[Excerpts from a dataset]
============

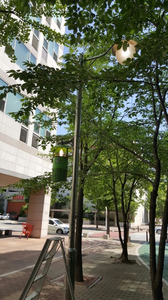 가로등에 설치된 해충 포집기는 별빛 파장으로 수목 해충을 유인ㆍ포획한 후 없애는 방제법으로, 농약을 사용하지 않아 친환경적이고 위생적이다.
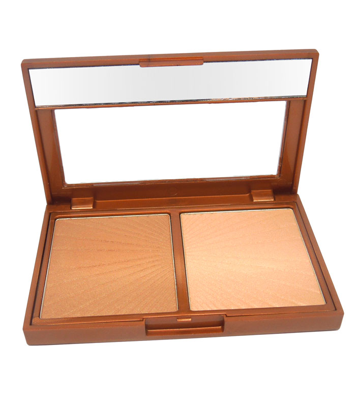 Duo palette that contains satin bronzer and illuminator with brightness, both with very subtle golden highlights and a medium pigmentation. You can outline and illuminate your face, creating effects that you favor as well as a natural and sophisticated finish.
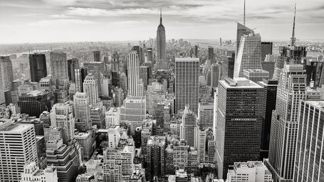 Keywords: manhattan empire state building new york city new york city skyscrapers high-rises buildings town metropole architecture black and white view skyline rooftops clouds towers
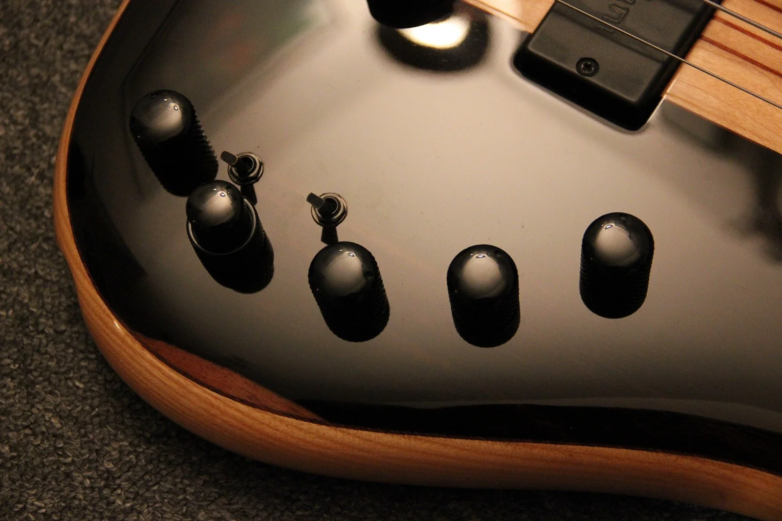 Regler: 1x Master Volume, 1 x Balance, 1x Bass, 1 x Mitten, 1 x Höhen, 1 x Schalter Aktiv/Passiv, 1 x Schalter LEDs an/aus
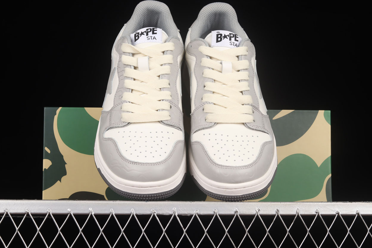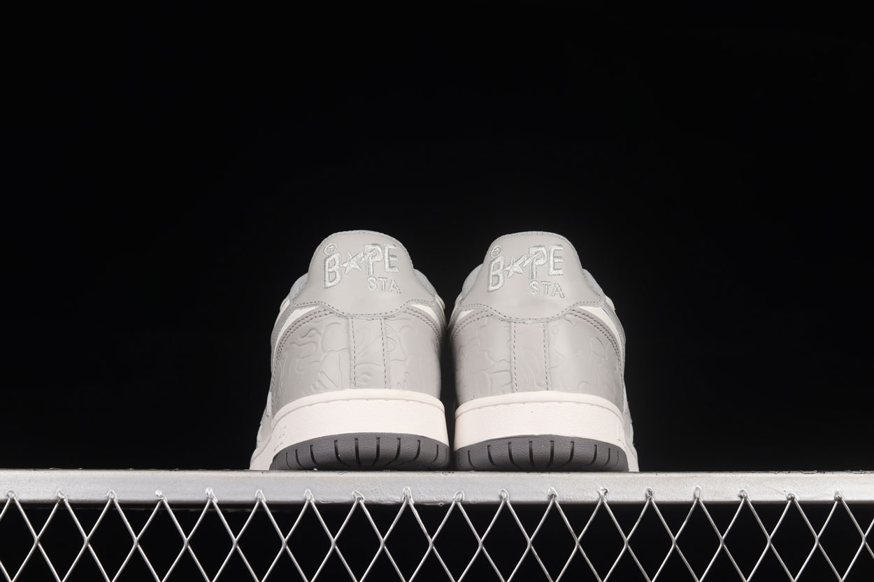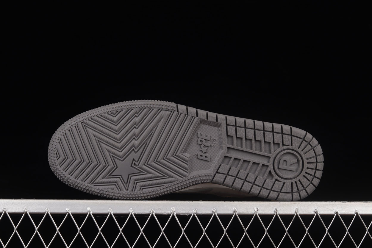 First dropped in 2000, BAPE STA became an instant icon as the signature footwear of A BATHING APE. The star-shaped “STA” logo sweeping along the sides and the vibrant collection of colourways and designs has been a defining feature of Japanese hip-hop streetwear over the last 20 years. The shoes are crafted with coloured leather, shiny metallic elements, textured foam rubber soles, presenting the new BAPE COURT STA’s colorways to suit your personal flavour of outdoor adventure. These Sk8 Stas feature a grey star logo, surround by cream paneling over a grey base. Brought together by a dark grey sole.
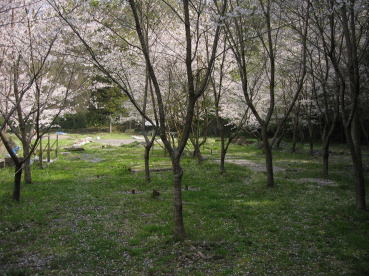 代官所跡を歩いてみた。当時の面影は一掃され、タチツボスミレやハクサンハタザオの咲く草地の上に、桜の花びらが散り敷いていた。
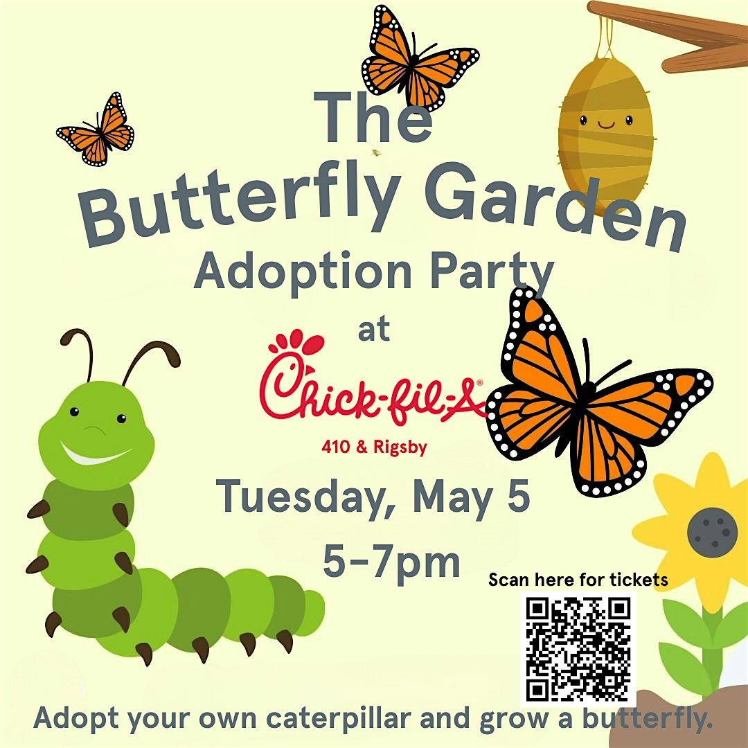 Join us for a fun-filled event at Chick-fil-A 410 & Rigsby- The Butterfly Garden Adoption Party! Kids will have the chance to adopt their very own caterpillar, and watch it grow into a beautiful butterfly. Not only will they learn about the lifecycle of a butterfly, but they'll also get to create a fun craft to take home. The ticket includes:1 caterpiller adoption, 1 craft, 1 butterfly house, storytime, and a Strawberry Hibiscus Drink. This is a limited ticket event, so be sure to secure your spot early! Don't miss out on this unique and exciting experience for your child. We can't wait to see you there!

============

▶ _Task statement_
Return the lines exactly as they stand, from the start of the entries through the line holding "Regler: 1x Master"; omit the pictures.

▶ _Answer to this exercise_
 가로등에 설치된 해충 포집기는 별빛 파장으로 수목 해충을 유인ㆍ포획한 후 없애는 방제법으로, 농약을 사용하지 않아 친환경적이고 위생적이다.
 Duo palette that contains satin bronzer and illuminator with brightness, both with very subtle golden highlights and a medium pigmentation. You can outline and illuminate your face, creating effects that you favor as well as a natural and sophisticated finish.
 Keywords: manhattan empire state building new york city new york city skyscrapers high-rises buildings town metropole architecture black and white view skyline rooftops clouds towers
 Regler: 1x Master Volume, 1 x Balance, 1x Bass, 1 x Mitten, 1 x Höhen, 1 x Schalter Aktiv/Passiv, 1 x Schalter LEDs an/aus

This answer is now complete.